REQUIRED WORK: With pictures omitted, restate the data word for word.

INPUT DATA:
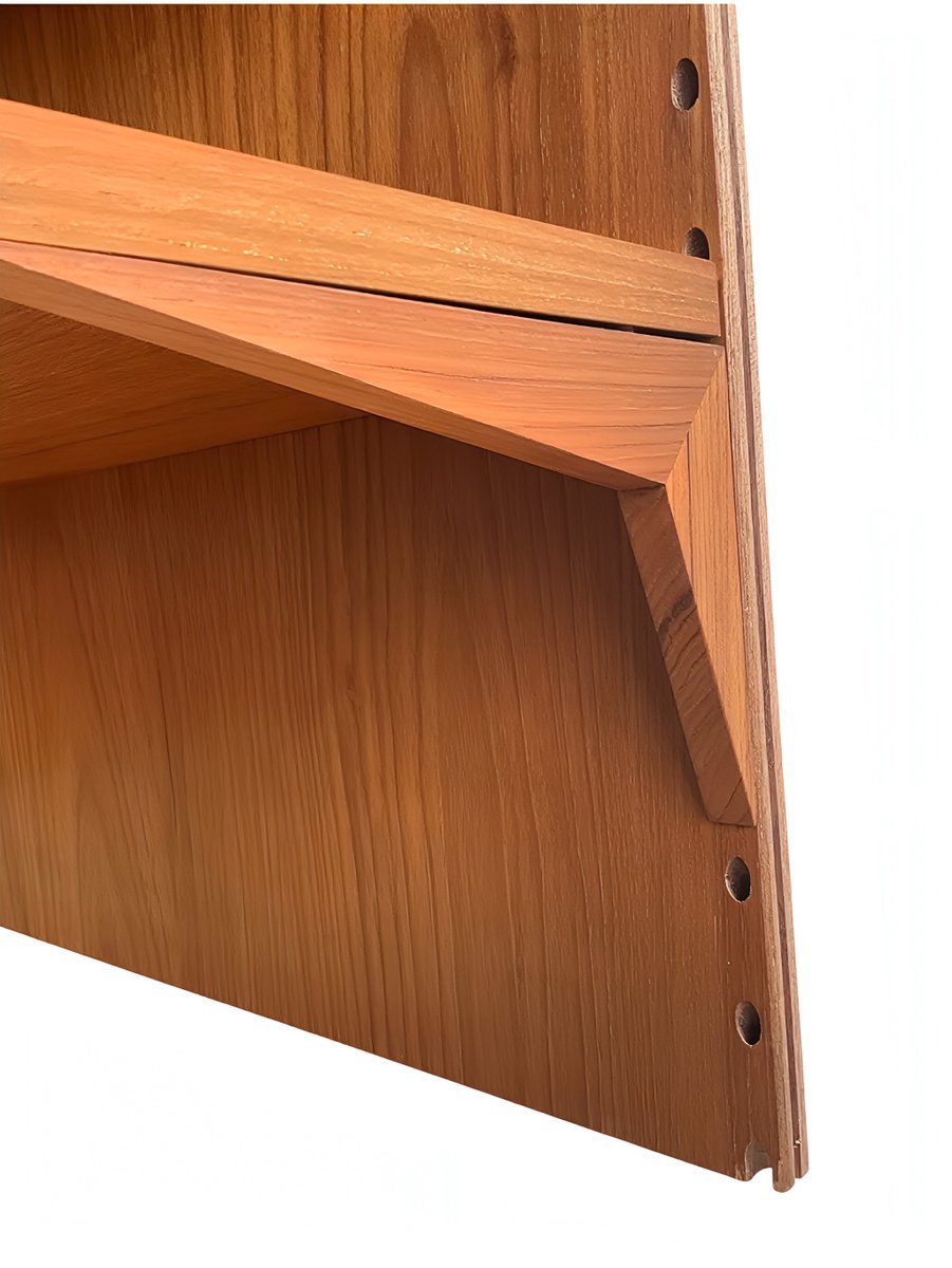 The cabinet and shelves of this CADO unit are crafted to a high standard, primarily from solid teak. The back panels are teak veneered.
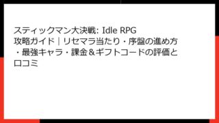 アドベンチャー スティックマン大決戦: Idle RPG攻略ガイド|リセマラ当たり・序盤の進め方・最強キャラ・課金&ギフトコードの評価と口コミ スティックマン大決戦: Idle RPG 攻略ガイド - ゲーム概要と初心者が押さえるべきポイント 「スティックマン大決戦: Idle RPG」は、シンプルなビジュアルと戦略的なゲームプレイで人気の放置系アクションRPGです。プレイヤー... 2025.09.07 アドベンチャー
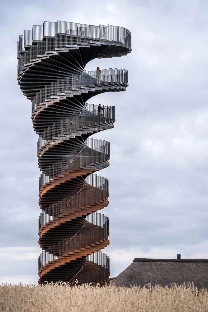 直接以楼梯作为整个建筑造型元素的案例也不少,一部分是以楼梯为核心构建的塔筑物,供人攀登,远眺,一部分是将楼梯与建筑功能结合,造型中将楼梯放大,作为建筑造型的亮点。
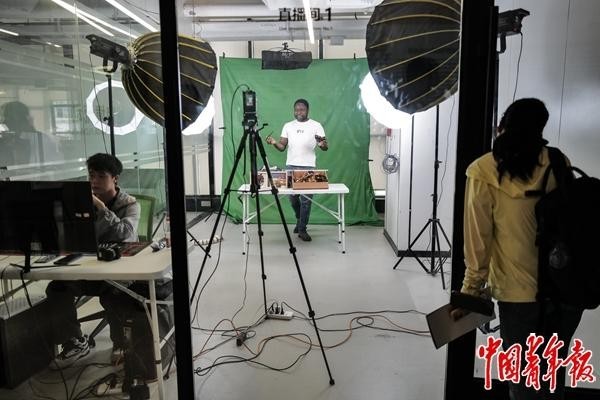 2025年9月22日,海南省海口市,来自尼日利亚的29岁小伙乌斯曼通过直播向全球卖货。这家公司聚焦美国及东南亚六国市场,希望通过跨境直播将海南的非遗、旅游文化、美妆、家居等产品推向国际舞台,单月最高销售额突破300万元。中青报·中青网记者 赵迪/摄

ANSWER TO THE EXERCISE:
 The cabinet and shelves of this CADO unit are crafted to a high standard, primarily from solid teak. The back panels are teak veneered.
 アドベンチャー スティックマン大決戦: Idle RPG攻略ガイド|リセマラ当たり・序盤の進め方・最強キャラ・課金&ギフトコードの評価と口コミ スティックマン大決戦: Idle RPG 攻略ガイド - ゲーム概要と初心者が押さえるべきポイント 「スティックマン大決戦: Idle RPG」は、シンプルなビジュアルと戦略的なゲームプレイで人気の放置系アクションRPGです。プレイヤー... 2025.09.07 アドベンチャー
 直接以楼梯作为整个建筑造型元素的案例也不少,一部分是以楼梯为核心构建的塔筑物,供人攀登,远眺,一部分是将楼梯与建筑功能结合,造型中将楼梯放大,作为建筑造型的亮点。
 2025年9月22日,海南省海口市,来自尼日利亚的29岁小伙乌斯曼通过直播向全球卖货。这家公司聚焦美国及东南亚六国市场,希望通过跨境直播将海南的非遗、旅游文化、美妆、家居等产品推向国际舞台,单月最高销售额突破300万元。中青报·中青网记者 赵迪/摄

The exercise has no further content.